TriHealth Bethesda North Hospital is an acute, tertiary, teaching hospital in Montgomery, Ohio, United States that provides a wide range of services to individuals and families throughout the northeast corridor of Cincinnati and into Butler, Clinton and Warren counties. Founded in 1970 as a community satellite facility, Bethesda North is now the fourth largest hospital in Greater Cincinnati. The non-profit hospital is member of TriHealth, a community partnership between Bethesda and Good Samaritan Hospital.

== History ==
Bethesda North Hospital was established in 1970 as a satellite of Bethesda Hospital in Cincinnati, which was later known as Bethesda Oak Hospital. Bethesda North grew to 235 beds in 1979 (approximately 360 as of 2017) and opened an outpatient surgery center in 1987. As the community grew, so did its desire for an even larger selection of specialty medical services. Over the years, Bethesda met this need by adding maternity services; providing regionally recognized specialty services, including a breast center, fertility center and endoscopy services; investing in increasingly sophisticated diagnostic imaging and neurological equipment; and offering open-heart surgery. It also is one of only two designated adult Trauma Centers in the area.

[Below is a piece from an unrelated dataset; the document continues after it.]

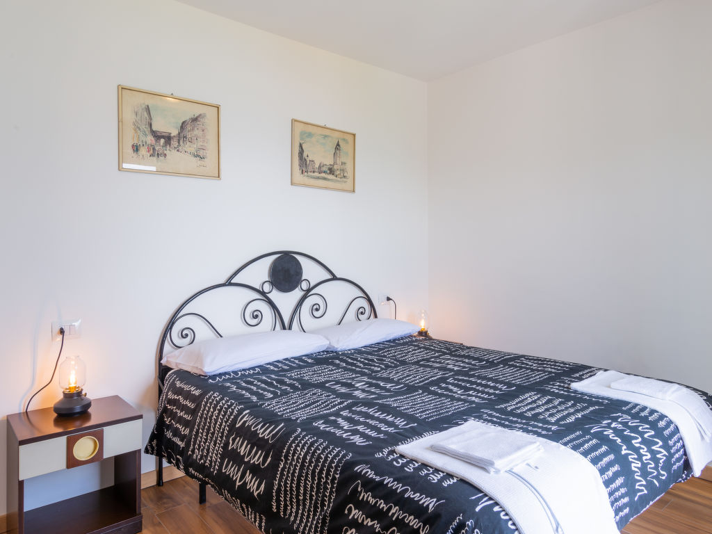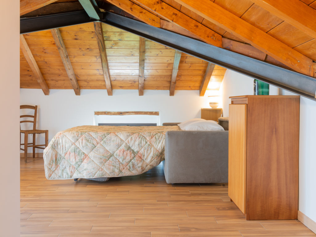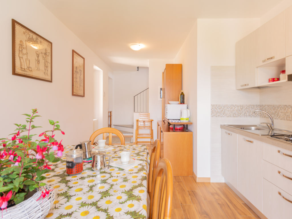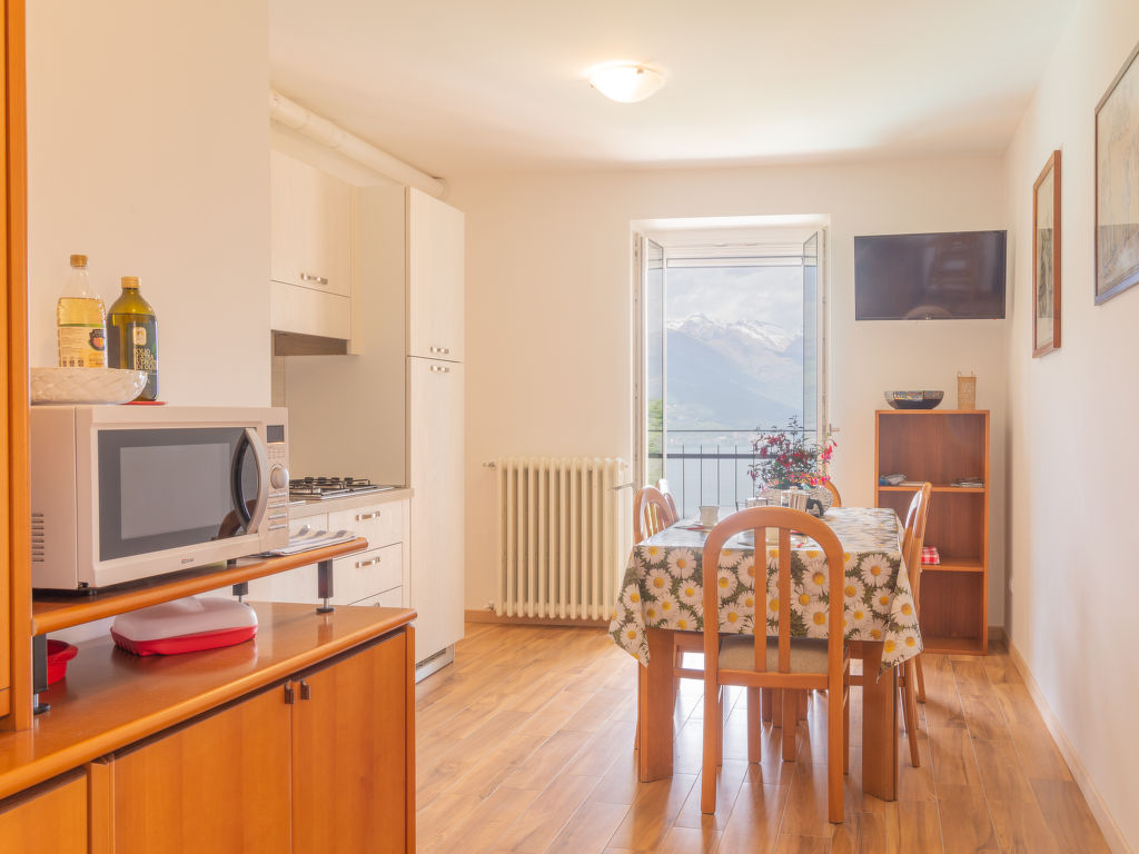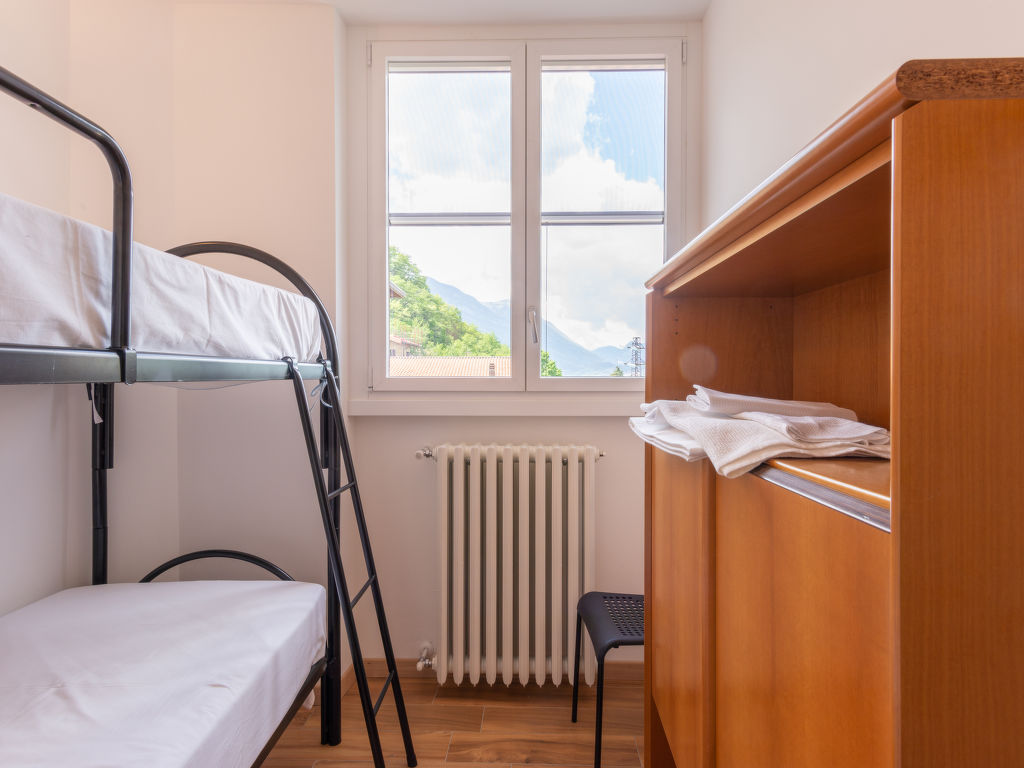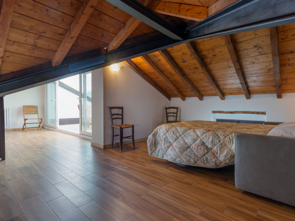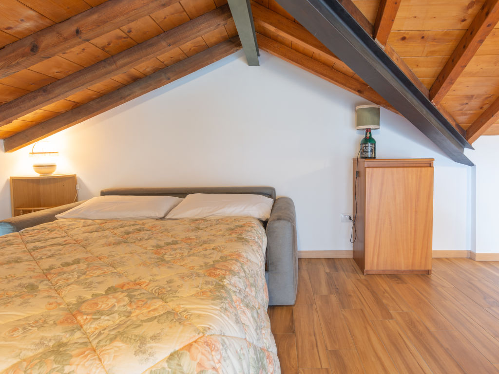 "Alloro", 4-Zimmer-Wohnung auf 2 Stockwerken im 2. Stock. Geräumig und hell, komfortabel eingerichtet: 2. Obergeschoss: 1 Doppelzimmer mit 1 Doppelbett. Ausgang zum Balkon. 1 Zimmer mit 1 x 2 Etagenbetten. Wohnküche (4 Kochplatten, Geschirrspüler, Toaster, Wasserkocher, Mikrowelle, Tiefkühler) mit Esstisch, Sat-TV. Ausgang zum Balkon. Dusche/WC. Dachgeschoss: 1 offenes Zimmer, ohne Schrank mit 1 Doppeldiwanbett. Ausgang zur Terrasse. Sep. WC. G-Heizung. Balkon 6 m2, Terrasse 10 m2. Balkonmöbel, Liegestühle (2). Herrliche Sicht auf den See und die Berge. Zur Verfügung: Babybett bis 2 Jahre. Internet (Wireless LAN, gratis). Bitte beachten: Nichtraucher-Unterkunft. CIR: 097067-CNI-00086

In 2003, Bethesda North met demand for higher volume, increased technological sophistication and improved access through a multimillion-dollar expansion. The 62000 sqft expansion has added four new surgical suites to increase operating room capacity by 30 percent. A new cardiac/vascular procedure lab and cardiopulmonary/nuclear medicine expansion also will enhance the care Bethesda North provides.